Illustrate the generated images for each method with each pair of prompt and a region map, where the methods' results on the left represent the least satisfying criteria and on the right represent the most satisfying criteria.
- Relying solely on these two cases for conclusions may be misleading; thus, we provide the generated images at here for a comprehensive individual evaluation.
The different diffusion models' generated images from each prompt using the same configurations and seed with our proposed method. All generated images have the same resolution of 512x512.
The proposed method enhances Stable Diffusion's ability to prevent prompt manipulation in image generation. Columns show results with the same seed, and rows depict results with and without a Region map, all at a consistent size of 1920x1088.
With a general description prompt, by combining ControlNet and our methodology, images tailored to the users' needs can be created. Columns show results with the same seed, while rows illustrate results with and without a Region map.
Notice without method a lot of intances are missing.
Visualization of images generated with IP-Adapter, combining region maps and prompts. Each column shows results with the same seed and the same input in each row. The first row shows results without a region map, and the second row uses a region map. All results have the same resolution of 768x512.

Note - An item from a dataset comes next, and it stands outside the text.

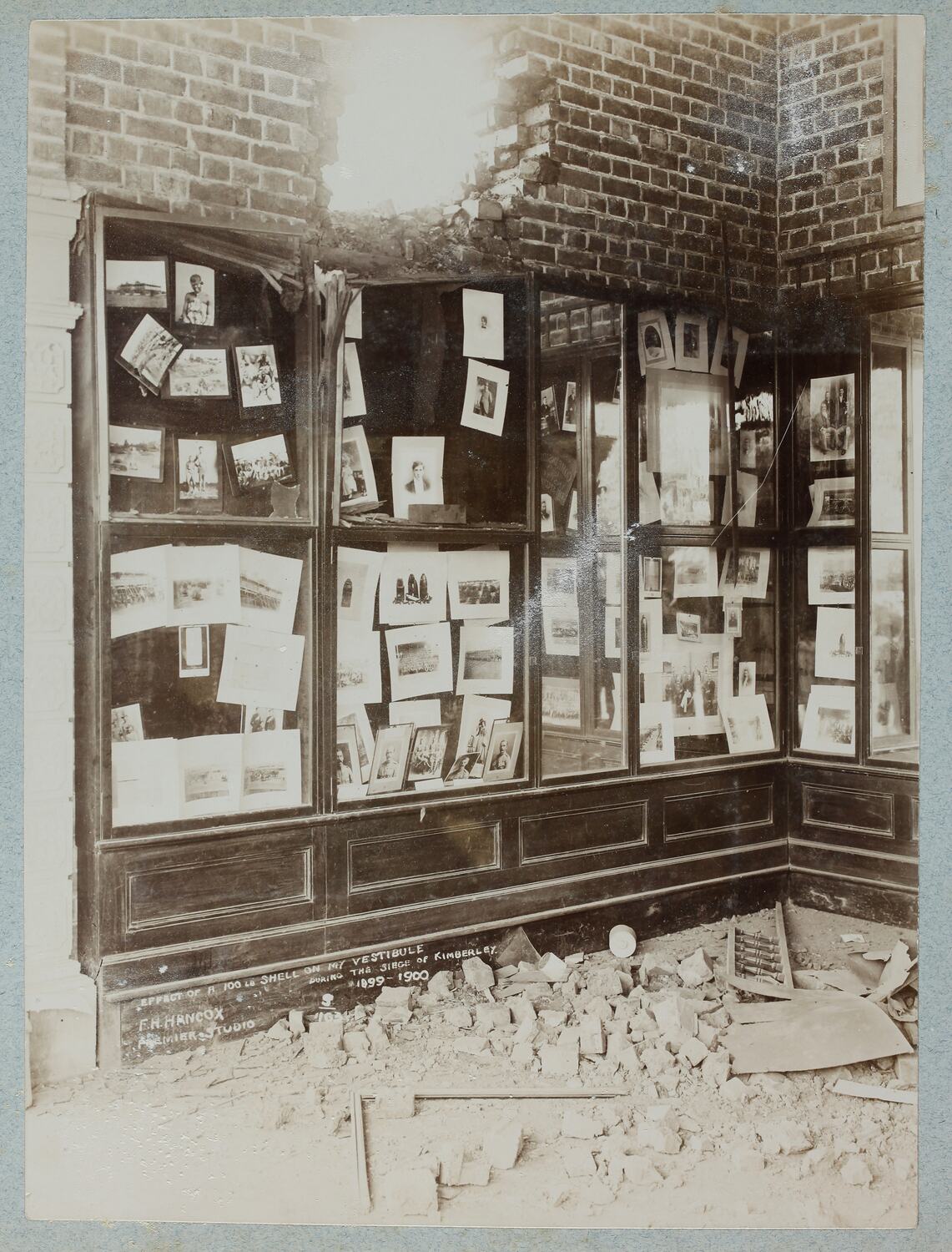 Hand written in white on the photograph; 'EFFECT OF A 100 LB SHELL ON MY VESTIBULE / DURING THE SIEGE OF KIMBERLEY. / 1899 - 1900 / F.H. HANCOX / PREMIER STUDIO'

All generated images are used in the same configuration, except for the IPAdapter scale, a unique seed, and the same dimensions of 768x512. The object's region image describes the character's position in the picture. It can be observed that our method performs better than IPAdapter attention masking. "Regular" means that the images are generated in a normal way without applying masks to the objects.
- From the images generated with corresponding region maps, this method performs quite well across various cases and sizes of test images. However, due to its reliance on cross-attention refinement to highlight specific regions, there may be instances where it does not work optimally. For example, if the region of interest is relatively small or exhibits unusual characteristics, the model may fail to generate an appropriate image.
- Furthermore, if the positions of the objects are chosen by the user and the model has not been trained on those positions, it will not generate the desired images. In addition, to obtain the desired images, users need to set the input hyperparameters appropriately. If the hyperparameters are set too high, the generated images will be very poor, while if the hyperparameters are set too low, they will not meet the user's expectations.
To use our project, follow these installation steps:
git clone https://github.com/duongve13112002/DiffusionSpatialControl.git
cd DiffusionSpatialControl/source
pip install -r requirements.txt
For the convenience of using this method, we have implemented it on a simple web application using the Gradio library.
cd DiffusionSpatialControl/source
python app.py
We welcome contributions! Follow these steps to contribute to our project:
- Fork the repository
- Create a new branch:
git checkout -b feature/your-feature
- Make your changes and commit them:
git commit -m 'Add new feature'
- Push to the branch:
git push origin feature/your-feature
- Submit a pull request
This project is licensed under the Apache-2.0 License - see the LICENSE file for details.